Мазовецкий усами повел, а князь продолжил:

– Он пишет, король велит ему вступить в Москву и привести московитов к присяге. Чай, и твоя рота готова исполнять этот указ?

– Мои гусары, князь, уже стоят у стен Земляного города.

Мстиславский сказал угрюмо:

– Назвался груздем – полезай в кузов. Согласились на Владиславе, проглотим обиду и от отца его. А может, наставника? Чать, королевич молод и захочет жить умом Жигмунда? Передай, ротмистр, коронному: мы примем его и с ним панство вельможное, но все воинство в город не впустим, поди, не в покоренную столицу вступают.

Раздосадованный неудачей у Коломенского, самозванец сказал Заруцкому:

– Уж не перенести ли мне столицу в иной город? Не желают меня бояре в Кремль впустить, пусть себе поживут без царя. То-то взвоют.

В палату вошла Мнишек, услышала, о чем разговор, взглянула на Заруцкого. А тот на Марину смотрит, отвечает:

– Москва есть Москва, государь, так ли, царица?

Мнишек согласно кивнула, сказав:

– Не в том суть, где жить, а откуда о власти заявлять. Москва первопрестольная.

Самозванец фыркнул:

– Родитель мой в гневе на бояр в Александровскую слободу удалился, так не токмо бояре, весь люд московский на коленях к нему полз.

Марина поджала губы:

– Так то Грозный царь! Я же в Москве на царство венчана и московской царицей останусь.

– Мудро сказываешь, государыня, – Заруцкий поддержал ее. – У нас ратников достаточно, от Москвы не отступимся.

Лжедимитрий усмехнулся:

– Неча похваляться, эвон черкасцы Трубецкого всех коней перековывают: так прытко от Мстиславского скакали, что подковы поотскакивали.

– Не вини князя, государь, – вступилась за Трубецкого Мнишек, – кабы Сапега бой принял, казаки не отошли. А как князь Коломну укрепил?

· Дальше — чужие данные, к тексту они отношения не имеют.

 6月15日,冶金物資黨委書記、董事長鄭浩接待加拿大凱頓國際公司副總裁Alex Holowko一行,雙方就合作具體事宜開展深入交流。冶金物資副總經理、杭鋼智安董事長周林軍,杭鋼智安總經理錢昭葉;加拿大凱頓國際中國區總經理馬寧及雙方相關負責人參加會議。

У Заруцкого голос насмешливый:

– Не женщины глас слышу, воина мудрого!

Марина резко оборвала:

– Не забывайся, боярин Иван, я царица.

Атаман склонился в поклоне:

– Прости, государыня Марина Юрьевна, коли в словах моих дерзость усмотрела. Видать, позабыл, как поучали в детстве: знай сверчок свой шесток. Верный слуга я твой, государыня.

Гордо неся голову, Мнишек удалилась. Лжедимитрий недовольно посмотрел ей вслед. Надобно Марине знать, на Руси царицы в дела государственные не вступали и, коли любопытства ради желали послушать, о чем на думе Боярской говорят либо посольство принимают, то со второго яруса в смотровое окошко подглядывали.

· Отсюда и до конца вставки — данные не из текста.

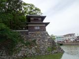 長野6城目天守閣資料館開店30分前に駐車場に到着。駐車場から思っていた以上に立派な天守閣が見え、「続」だからとバカにしていた自分を戒める。公園内では、冠木門、角櫓跡など堪能。時間が余ったので諏訪護国神社で「宝くじがあたりますよーに!!」と本気のお願い。望楼型三重の天守閣内は資料館で、最上階から諏訪湖が(諏訪湖の水溢れそうだな〜と思いながら)眺望できた。 城内にある高島城亀石に無駄に水をたくさんかけ、城攻めを堪能した。 |

Налив в серебряный ковшик вина фряжского, самозванец выпил с наслаждением, усмехнулся:

– Ежели московиты присягнут Владиславу, не быть Москве первопрестольной.

С невеселыми мыслями возвращался в Москву дьяк Посольского приказа Афанасий Иванов. Посланный к королю Карлу, он едва добрался до Новгорода, как его настиг гонец от Мстиславского. Велел князь ворочаться в Москву.

От гонца узнал дьяк, что Шуйский в монастыре, а всеми делами государственными вершит семибоярщина.

Но не то печалит Афанасия, что Василия престола лишили, то ладно, дьяк уму Шуйского цену знал, и не такой государь России надобен, но вот что бояре Владислава на трон зовут, Иванова тревожит. Засилья ляхов жди и потери городов многих. Эвон Смоленска лишились, а там и иных земель. Шведы Корелу держат и побережье Финского залива…

Когда прошлым годом ездил Афанасий послом в Стокгольм, рядился с Карлом о подмоге, ни он, дьяк, ни Скопин-Шуйский и не мыслили, что все так обернется. Нынче Сигизмунд и Карл Русь терзают…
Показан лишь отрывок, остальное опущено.